Being aware of potentials/transformations in design and manufacturing process and their effects on form/structure and material usage, provide 21st century’s designers with new horizons. Especially the concepts and premise applications of parametric design, adaptive design, nanomaterials, Building Information Modeling (BIM), 3D printing and robotics have potentials to radically change the design and the construction processes [4, 5] so the language and identity of 21st century architecture. There is no doubt that, CAD/CAM applications have been rapidly changing the conventional architectural design and construction processes since the end of the last century. In this process researchers and practitioners have been seeking for new tectonics and materials which reveals the beauty of using cutting edge technology in a “sustainable” point of view.
In this context, it is possible to argue that, through cutting-edge building technologies, innovative construction materials/methods and better decision-making systems, not only projects are getting smarter but also it is an opportunity to built our environment more sustainable. When the recent concepts and developments in construction are considered it is seen that a number of construction trends shaping the industry. A word cloud is prepared and illustrated in Fig. 1. From this perspective it is possible to claim that, through “computational models”, which are the inseparable part of a design anymore, not only all stages of design can be controlled but also manufacturing and management can be achieved.
It is seen that among these trends 3D printers are becoming rapidly spread. Causing a drastic change/transformation in several disciplines has also being experienced in the field of architecture. Their usage in architecture have shifted from producing scale modeling to a full scale end-product [6]. “The potential of using mock-ups as the end product” is one of the most important changes that we encounter in the field of construction of architecture [7]. From this context this papers discusses the shifting practice of 3D prints in architecture with an emphasis on the potential use of recycled material in construction.
2 3D Printing as a Multi-faceted Technology in Manufacturing
…3D printing technology has the potential to revolutionize the way we make almost everything…
Barack Obama [8]
3D printing or additive manufacturing (AM) is a process of making 3D objects getting all related information from 3D solid models. In an additive process an object is created by laying down successive layers of material until the entire object is created.
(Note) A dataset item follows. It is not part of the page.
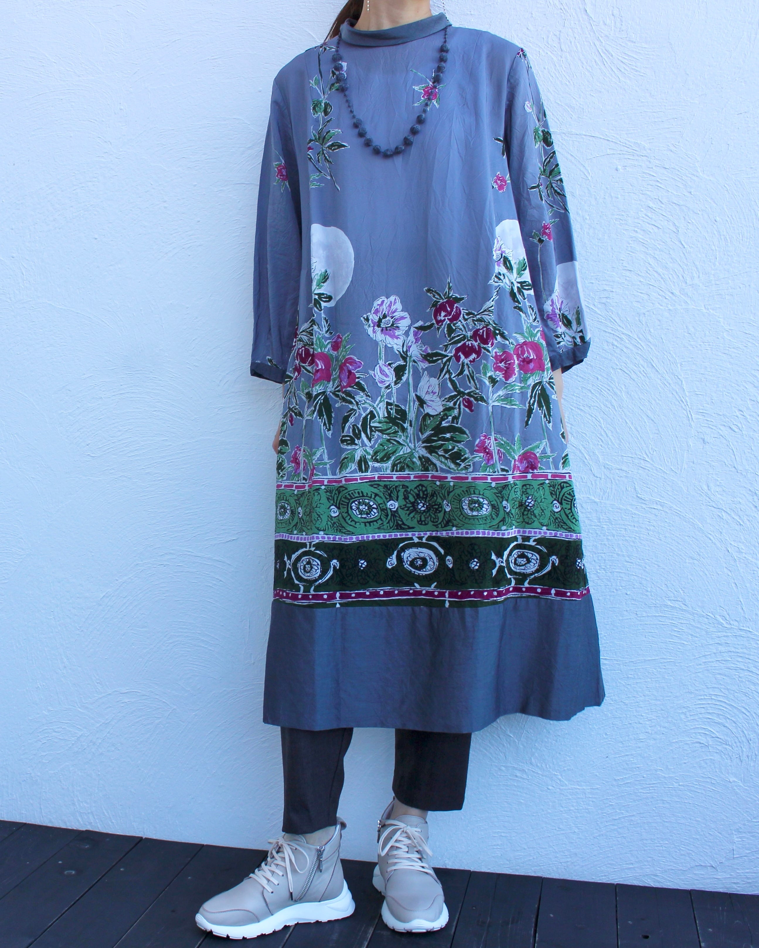 ブランドらしい月とお花の幻想的なプリントがダイナミックでエレガントなワンピース。

Each of these layers can be seen as a thinly sliced horizontal cross-section of the eventual object [9].
The main principle of 3D printing is “stereolithography”, outlined by Charles Hull, in a 1984 patent, as “a system for generating three-dimensional objects by making a cross-sectional pattern of the object to be formed” [10]. It is a process that solidifies thin layers of ultraviolet (UV) light sensitive liquid polymer using a laser. After that, Selective Laser Sintering (SLS) and Fused Deposition Modelling (FDM) Technologies (1988) [11] were the milestones of its development. The evolution of 3D printing technology continues to improve in the speed of processing, the complexity of design, and the variety of materials used. Over the last decade they started to be used in everyday life. According to Hager [12] thanks to the open source systems, prototyping of new product, and innovative applications of 3D printing in various fields are available for everyone. 3D printing technology is cited among a list of 12 potentially economically disruptive technologies in a report by McKinsey Global Institute [13]. They argue that the technologies they mentioned have potential to affect billions of consumers, hundreds of millions of workers, and trillions of dollars of economic activity across industries [13] (Table 1).
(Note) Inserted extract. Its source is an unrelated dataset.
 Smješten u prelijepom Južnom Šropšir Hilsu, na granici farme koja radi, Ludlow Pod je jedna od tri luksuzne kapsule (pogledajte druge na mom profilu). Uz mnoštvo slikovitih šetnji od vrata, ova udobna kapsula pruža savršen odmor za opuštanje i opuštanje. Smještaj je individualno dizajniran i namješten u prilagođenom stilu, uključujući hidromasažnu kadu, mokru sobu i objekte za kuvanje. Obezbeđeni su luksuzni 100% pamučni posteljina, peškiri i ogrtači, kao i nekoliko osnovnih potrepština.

As Kamath [14] states the “effortless transition from digital to physical” is made possible by digital fabrication technology which can create a physical artifact from a 3D digital file [14]. The reason why 3D printers are very common in all kinds of industrial fields today is obvious because there are distinct advantages that this technology presents. Figure 2 presents the percentages of the disciplines that range from motor vehicles to medicine, from academic works to many other. Furthermore, several annually evaluations release that regarding the current demands, markets for 3D printing are expected to grow rapidly. Such that, according to Wohlers Report 2014, the worldwide 3D printing industry is now expected to grow from $3.07B in revenue in 2013 to $12.8B by 2018, and exceed $21B in worldwide revenue by 2020 [15] (Fig. 3). Wohlers Report 2013 had forecast the industry would grow to become a $10.8B industry by 2021. If 3DP applications grow rapidly in the next 10 years questions may arise about the sustainability of 3D printing manufacturing processes. Therefore, research into the sustainability of 3DP needs to be performed before the markets explode, so adjustments can be made at an early stage [16].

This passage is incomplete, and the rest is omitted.